The fact that you used to work FT and still did stuff for them PT speaks volumes of a pattern of you being walked over by them, and getting pushed into doing far more than you should have to in the name of loyalty or whatever. It's also really sinister and bullying to try to get his father to try to persuade (bully) you into agreeing. Are you ever allowed to say no to anything? How far is he going to take his refusal to accept your rights?

I feel quite shocked and upset by what you're going through. It's just not normal and sounds really oppressive. It's as I said, it sounds like he doesn't see you as a real person anymore.

IsItMeBU Tue 12-Mar-13 23:29:17

travel I don't know why he has become like this since DD. We hardly ever use to argue and we had a really good relationship but lately he's become very dominant and his decision is final

SanityClause Tue 12-Mar-13 23:29:26

This man is an abuser in the making. He is trying it on. He really is. If you don't put up with it, he may realise the error of his ways, and realise that this is the wrong way to behave in a relationship.

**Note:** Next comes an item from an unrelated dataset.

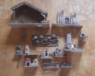 Conjunto de figuras y edificaciones para un belén navideño de gran tamaño. Las figuras de la última foto las regalo ( se les ha roto alguna extremidad o tienen daños grandes ) Tened en cuenta que tiene 40/50 años o incluso más este belén , no todas pero algunas de las figuras de arcilla presentan desgastes o algún desconche Se incluyen luces, papeles decorativos, papel en tiras tipo serpentina para adornarlo Vendo todo en 30 € A recoger en la zona de collado Villalba alpedrete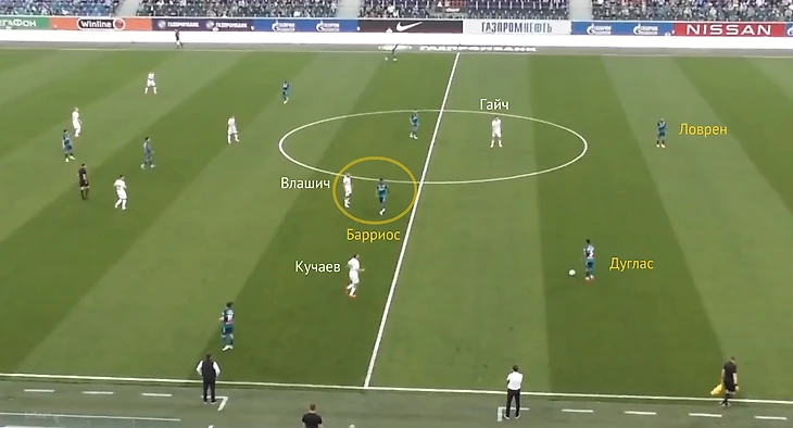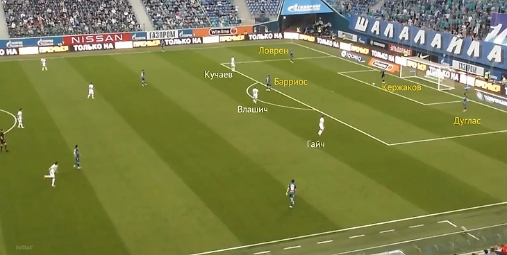 При этом у ЦСКА появилась интересная особенность при позиционной обороне – центральный нападающий (Чалов или Гайч) располагается не в середине тройки, а уходит в полуфланг. В игре с «Зенитом» Гайч чаще уходил вправо (игра по Дугласу Сантосу), Кучаев налево (по Ловрену), а в центре тройки оказывался Влашич, перекрывающий Барриоса.

If he can't compromise, well the harsh truth is you might split up over it.

Do you want to live in an abusive relationship? Do you want DD to grow up thinking that men are the boss, and women should be subservient to them?

But you know these things, already.

Have you asked him why he suddenly thinks that he gets the final say in everything? Perhaps he hasn't noticed that he's doing it.

I agree with everyone else that you need to have a very serious talk with him about boundaries and respect if this relationship is to have a future.